Hawaii needs to do more to eliminate the wage gap between men and women on average, according to supporters of a bill aimed at strengthening state law against gender-based pay discrimination.
The bill, discussed at a Senate Judiciary and Labor Committee hearing last week, said Hawaii has been better at reducing the gap compared with the rest of the nation but that the pace of improvement since 1960 suggests that pay parity won’t be reached until 2058.
“Women in Hawaii who are employed full time lose out on more than $1.4 billion annually because of the wage gap,” Catherine Betts, executive director of the Hawaii State Commission on the Status of Women, told the committee chaired by Sen. Gilbert Keith-Agaran. “This has real tangible and substantial effects on women and families.”
Authors of the bill cite a higher figure than what Betts mentioned for how much less women in Hawaii earn annually on the job — $1.7 billion — and added that the gap contributes to a higher poverty rate for women (12 percent) than men (7 percent).
The proposed legislation, Senate Bill 2313, said women in Hawaii earned
86 cents for every dollar that men earned on average for full-time, year-round work in 2014, which is better than the national average where pay for women equated to
79 cents to the dollar for men.
The U.S. Department of Labor provided new statistics last week that said women earned a bit more on the dollar relative to men in 2014 — 93 cents in Hawaii and
83 cents nationally.
The agency also said Hawaii had the closest gap of any state but said earnings comparisons by gender are on a broad level and don’t control for factors that can significantly influence earnings differences, such as job skills, responsibilities, work experience and specialization.
Still, employees in Hawaii need more protection under state law to erase the disparity, according to SB 2313.
“Action should be taken to encourage greater gender equality in the workplace,” the bill states.
SB 2313 proposes to reduce the number of legally permissible reasons that allow an employer to pay a woman less than a man for the same work.
Hawaii’s existing equal-pay law allows employers to pay someone of the opposite sex less for work that requires equal skill, effort and responsibility under similar conditions only if the pay is governed by a seniority system, a merit system, a bona fide occupational qualification or the quantity or quality of production. The law also allows a pay disparity for equal work if it is based on “any other permissible factor other than sex.”
Proposed amendments to the law offered in the bill would eliminate the last broad category along with pay specifically based on production quantity or quality. Also, extra qualifications would be added to the other exemptions.

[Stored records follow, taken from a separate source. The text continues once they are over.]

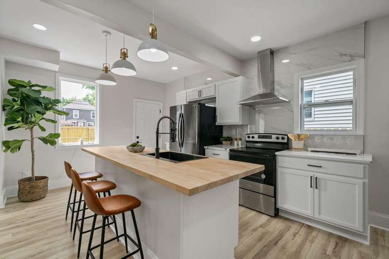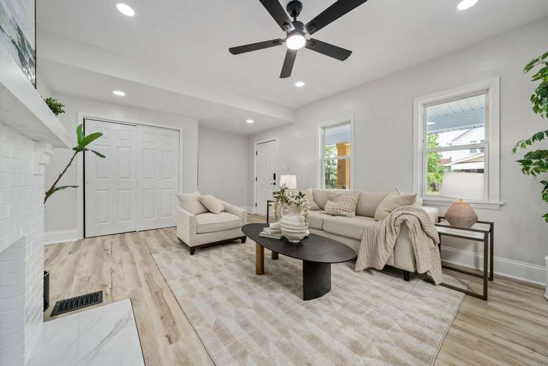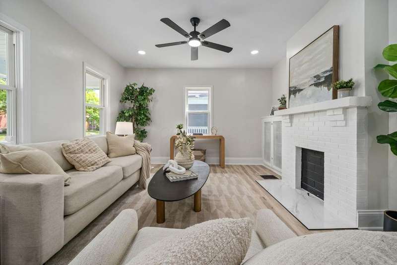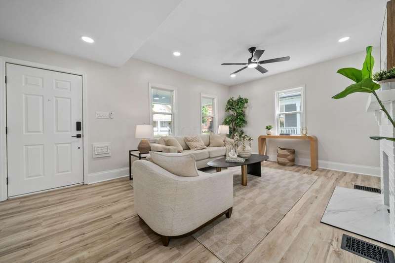 Priced to sell! From the moment you arrive, the vibrant blue exterior and cheerful yellow door set the tone for a space that's anything but ordinary - perfect for someone with a love for artistic style. Inside, you'll find a beautiful kitchen with quartz counters and oversized center island - it is massive! The decorative fireplace adds a cozy touch while the second floor laundry brings everyday convenience. Hard to find finished lower level provides flexible living space, ideal for a rec room, home office or play room. Fully fenced backyard complete with firepit will be great for outdoor fun and crisp summer nights. You'll find off street parking behind the fence with room for a future garage. This home is modernized, move-in ready and full of personality. Come see how style, function and a dash of color come together to create something truly special!
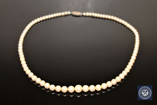 Fine quality strap of graduated pearls on a white gold diamond clasp
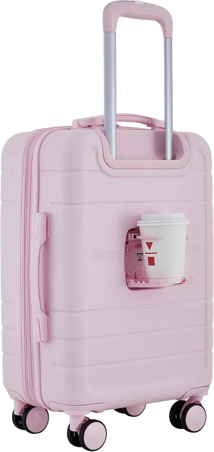 French Connection St. Martin Carry-On Luggage with Cup Holder/USB Ports, Pink A …
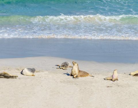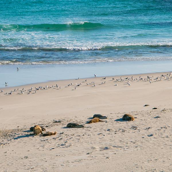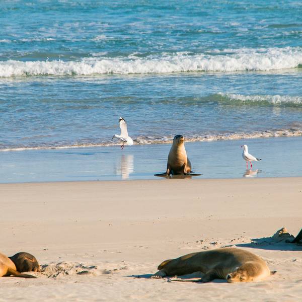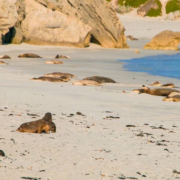 海豹湾以其庞大的稀有动物群——— 澳洲海豹群而著称,要知道这也是澳大利亚唯一一处游客可与海豹在沙滩上近距离接触的地方。

For example, a merit system, which perhaps could cover work quality, must be applied consistently and without discrimination. An occupational qualification, under the bill, must be necessary for a position and have no disparate impact based on sex. And for a seniority system to be a valid exemption, it must be established by a collective bargaining agreement, civil service requirement or formal employer policy.
The bill also would eliminate a requirement under existing law that allows wage comparisons only for employees in the same physical location. The bill also forbids employers from discouraging or prohibiting employees from inquiring about or disclosing the pay of co-workers.
One other proposed tweak to the law would change the phrase “equal work” to “substantially similar work.”
Federal wage discrimination law considers “equal” to mean substantially equal and offers additional protections including prohibiting employers from lowering wages to equalize pay. Federal law also counts other compensation benefits such as bonuses, a company car, expense account and insurance as part of wages.
Initial public testimony on SB 2313 mostly endorsed the bill. Advocates included the Hawaii Civil Rights Commission, which enforces state employment discrimination laws, the Women’s Caucus of the Democratic Party of Hawaii, Planned Parenthood and several individuals.
The only opposition came from Mary Smart of Mililani and the National Federation of Independent Business.
Smart and the NFIB argue that Hawaii’s equal-pay law provides adequate protection for women and that changing the law as proposed will invite more frivolous litigation efforts against employers.
Melissa Pavlicek, the NFIB’s local representative, said the pay gap cited in the bill is misleading because factors other than discrimination contribute to differences in average pay.
She cited a 2009 report prepared for the U.S. Department of Labor that said average pay differences by gender are influenced by women trading pay for better family-friendly employment benefits, women who leave the workforce for childbirth or to care for children or elderly relatives, and other nondiscriminatory factors.
“We believe (state and federal) laws already cover the issue of gender wage discrimination, and have not seen any credible evidence that these laws are not sufficient to prevent wage discrimination outside of misleading statistics,” Pavlicek said in written testimony.
The Senate committee asked for more information from NFIB including language from equal-pay laws in other states that the business organization embraces. A decision on whether to advance the bill is expected to be made Feb. 16.
A similar bill introduced in the House, HB 1909, has not been scheduled for a hearing yet.